Goal of the exercise: The records below must be output exactly, without pictures.

Records supplied:
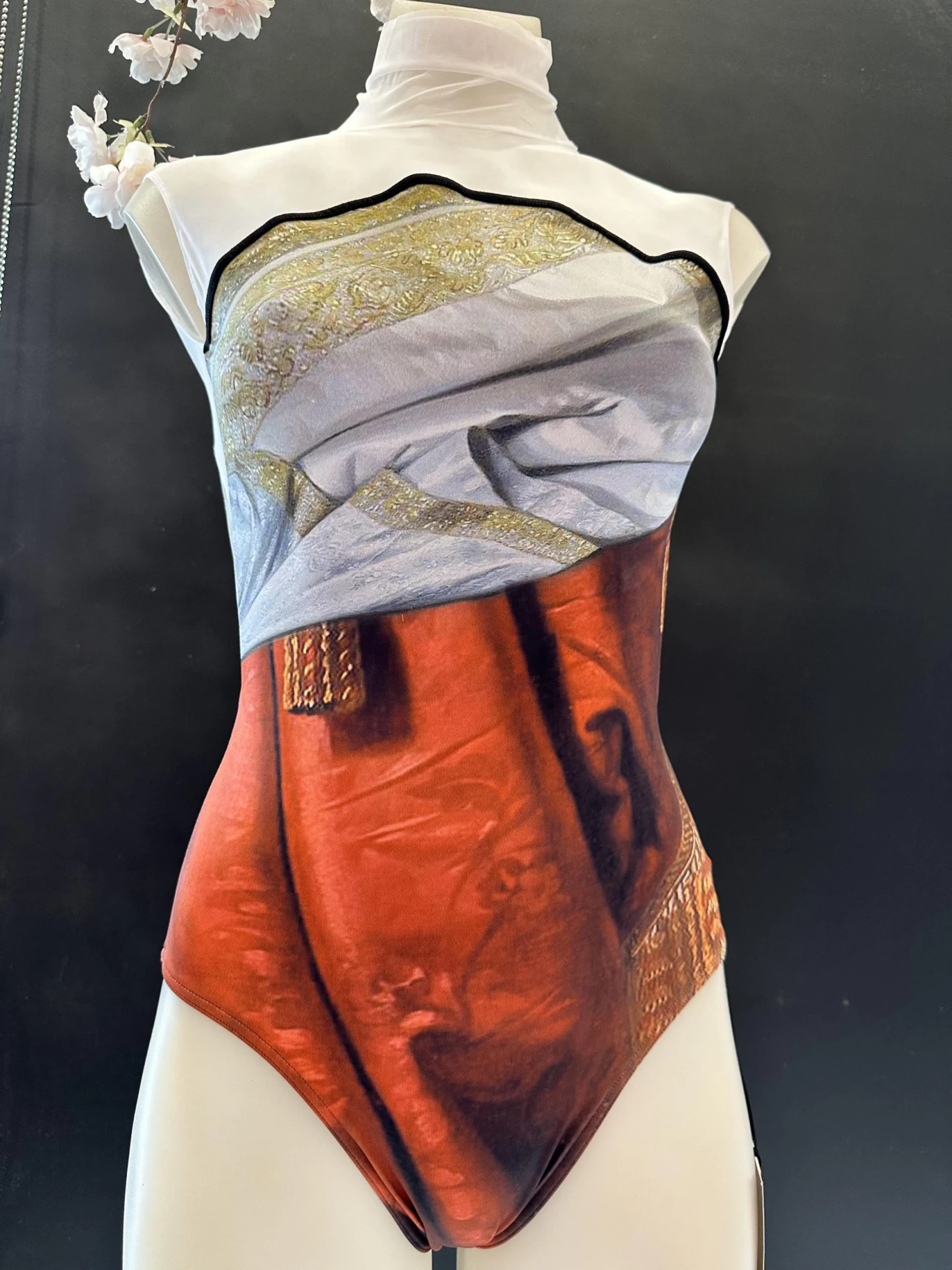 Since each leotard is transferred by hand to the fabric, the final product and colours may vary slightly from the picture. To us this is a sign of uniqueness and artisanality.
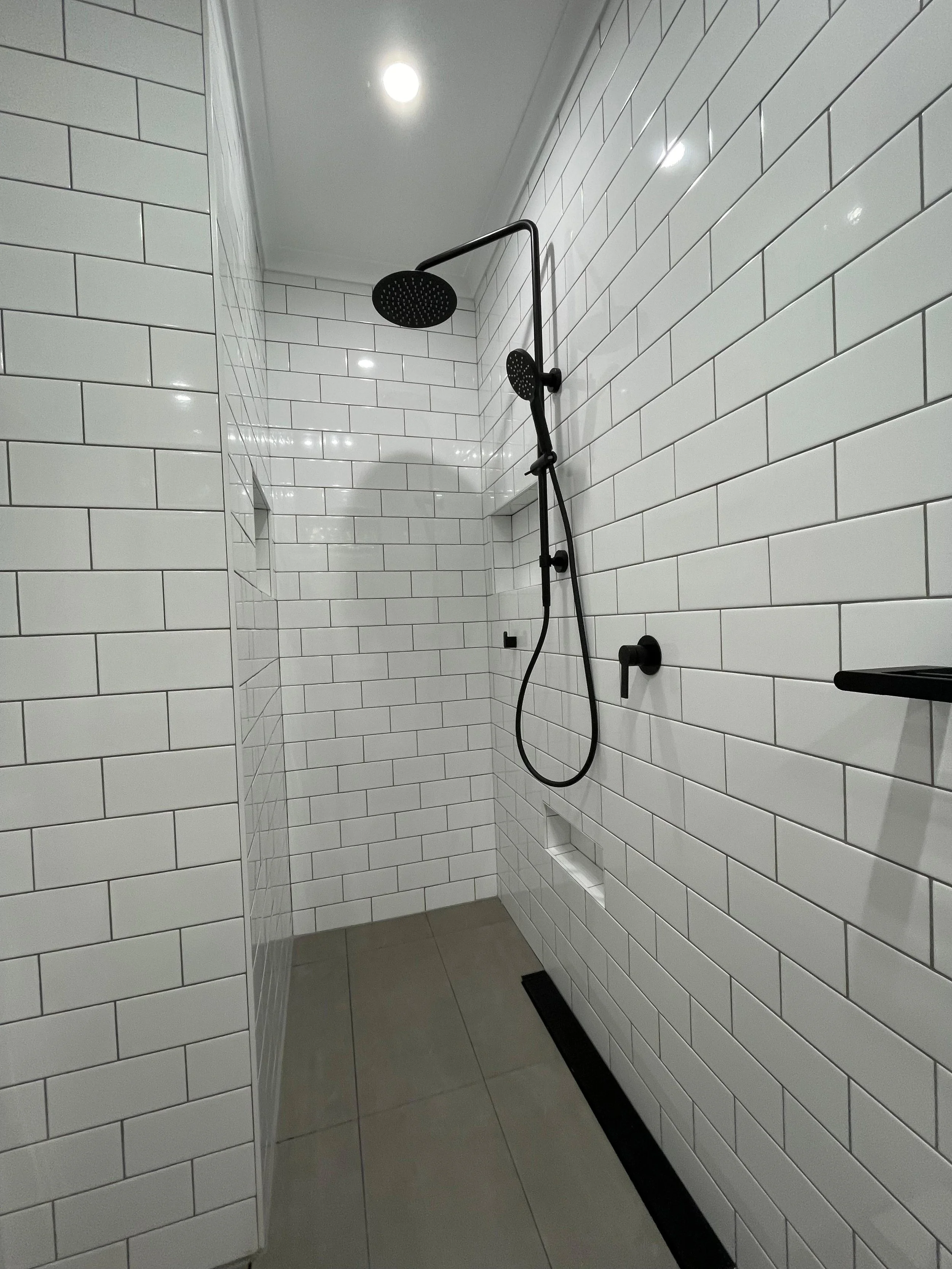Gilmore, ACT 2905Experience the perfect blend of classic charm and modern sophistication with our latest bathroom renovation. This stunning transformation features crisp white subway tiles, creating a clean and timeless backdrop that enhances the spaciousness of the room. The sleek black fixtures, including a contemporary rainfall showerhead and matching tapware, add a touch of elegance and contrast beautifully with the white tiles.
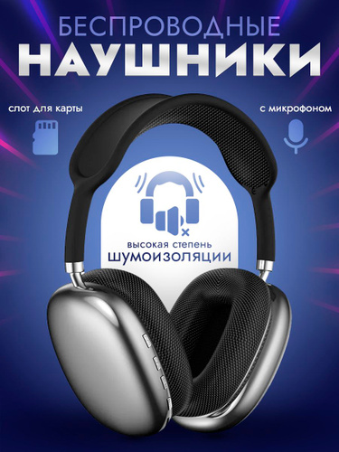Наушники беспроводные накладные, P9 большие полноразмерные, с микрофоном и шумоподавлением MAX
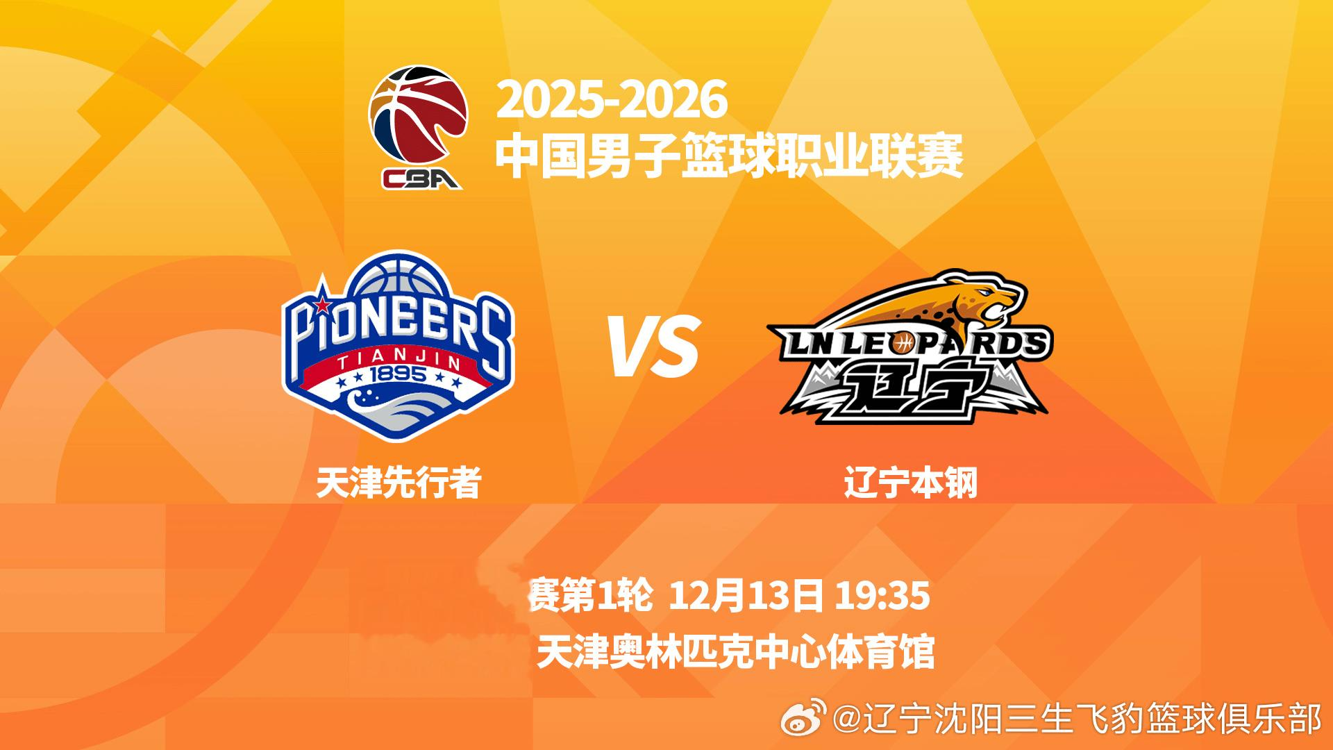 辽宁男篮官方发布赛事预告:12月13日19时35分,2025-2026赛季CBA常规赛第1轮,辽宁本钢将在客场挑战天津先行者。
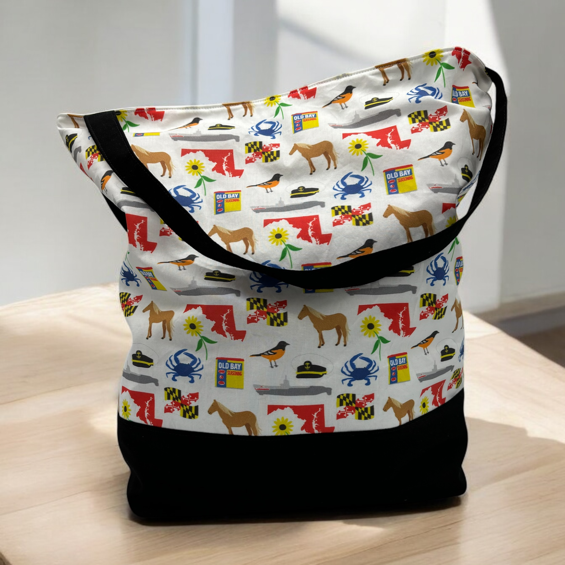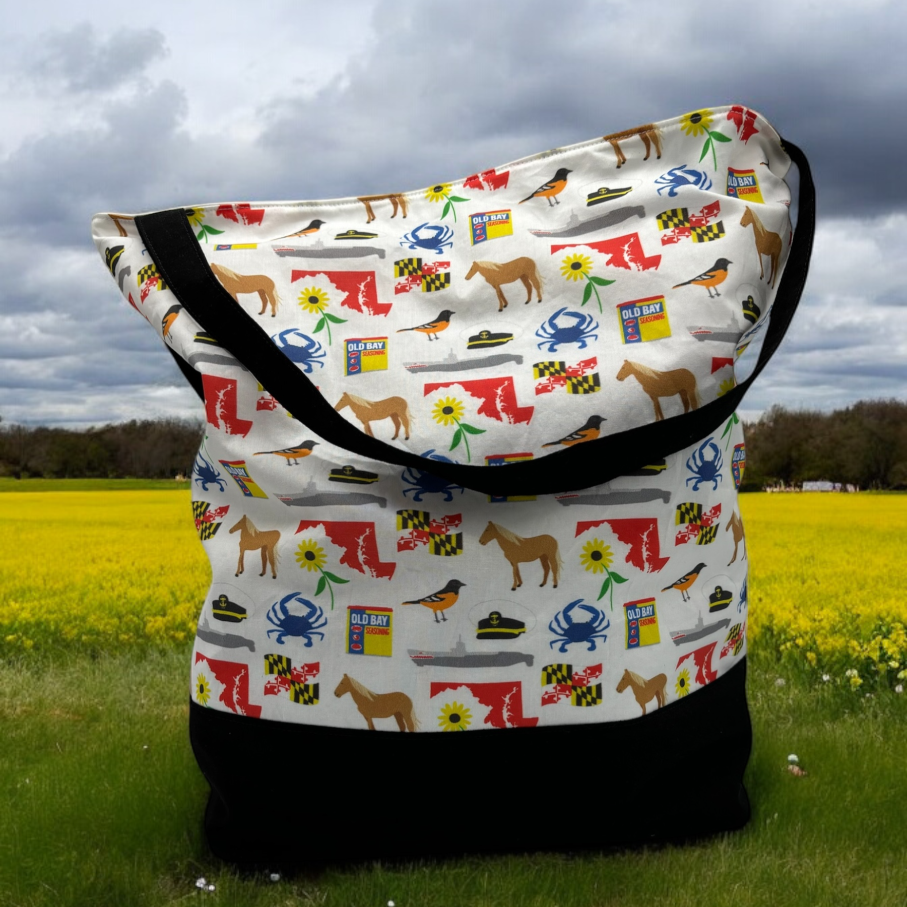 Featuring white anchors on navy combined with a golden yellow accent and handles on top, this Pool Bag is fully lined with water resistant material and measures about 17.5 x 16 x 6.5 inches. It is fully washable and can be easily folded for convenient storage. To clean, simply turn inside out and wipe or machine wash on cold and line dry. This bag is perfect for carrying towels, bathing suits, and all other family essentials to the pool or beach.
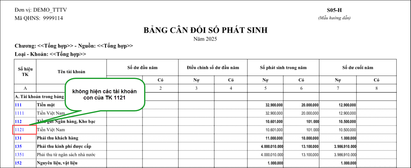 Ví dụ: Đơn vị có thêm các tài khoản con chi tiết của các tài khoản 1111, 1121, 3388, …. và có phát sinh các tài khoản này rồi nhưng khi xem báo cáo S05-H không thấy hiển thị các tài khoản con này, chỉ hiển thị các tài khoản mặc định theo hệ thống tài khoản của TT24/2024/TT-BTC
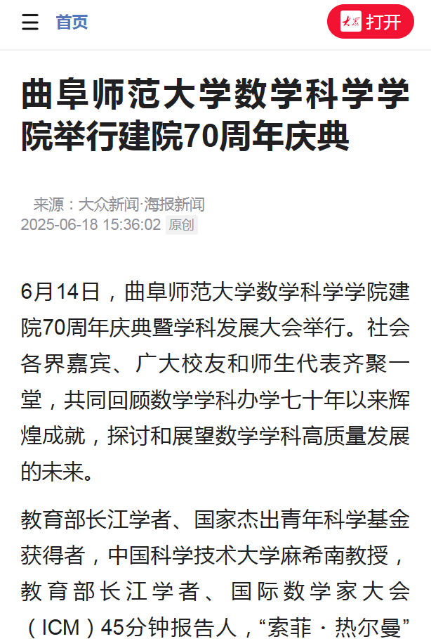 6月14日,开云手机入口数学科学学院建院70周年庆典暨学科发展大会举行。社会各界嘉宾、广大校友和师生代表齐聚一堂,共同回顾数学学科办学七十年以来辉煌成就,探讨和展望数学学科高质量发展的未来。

Exercise solution:
 Since each leotard is transferred by hand to the fabric, the final product and colours may vary slightly from the picture. To us this is a sign of uniqueness and artisanality.
Gilmore, ACT 2905Experience the perfect blend of classic charm and modern sophistication with our latest bathroom renovation. This stunning transformation features crisp white subway tiles, creating a clean and timeless backdrop that enhances the spaciousness of the room. The sleek black fixtures, including a contemporary rainfall showerhead and matching tapware, add a touch of elegance and contrast beautifully with the white tiles.
Наушники беспроводные накладные, P9 большие полноразмерные, с микрофоном и шумоподавлением MAX
 辽宁男篮官方发布赛事预告:12月13日19时35分,2025-2026赛季CBA常规赛第1轮,辽宁本钢将在客场挑战天津先行者。
 Featuring white anchors on navy combined with a golden yellow accent and handles on top, this Pool Bag is fully lined with water resistant material and measures about 17.5 x 16 x 6.5 inches. It is fully washable and can be easily folded for convenient storage. To clean, simply turn inside out and wipe or machine wash on cold and line dry. This bag is perfect for carrying towels, bathing suits, and all other family essentials to the pool or beach.
 Ví dụ: Đơn vị có thêm các tài khoản con chi tiết của các tài khoản 1111, 1121, 3388, …. và có phát sinh các tài khoản này rồi nhưng khi xem báo cáo S05-H không thấy hiển thị các tài khoản con này, chỉ hiển thị các tài khoản mặc định theo hệ thống tài khoản của TT24/2024/TT-BTC
 6月14日,开云手机入口数学科学学院建院70周年庆典暨学科发展大会举行。社会各界嘉宾、广大校友和师生代表齐聚一堂,共同回顾数学学科办学七十年以来辉煌成就,探讨和展望数学学科高质量发展的未来。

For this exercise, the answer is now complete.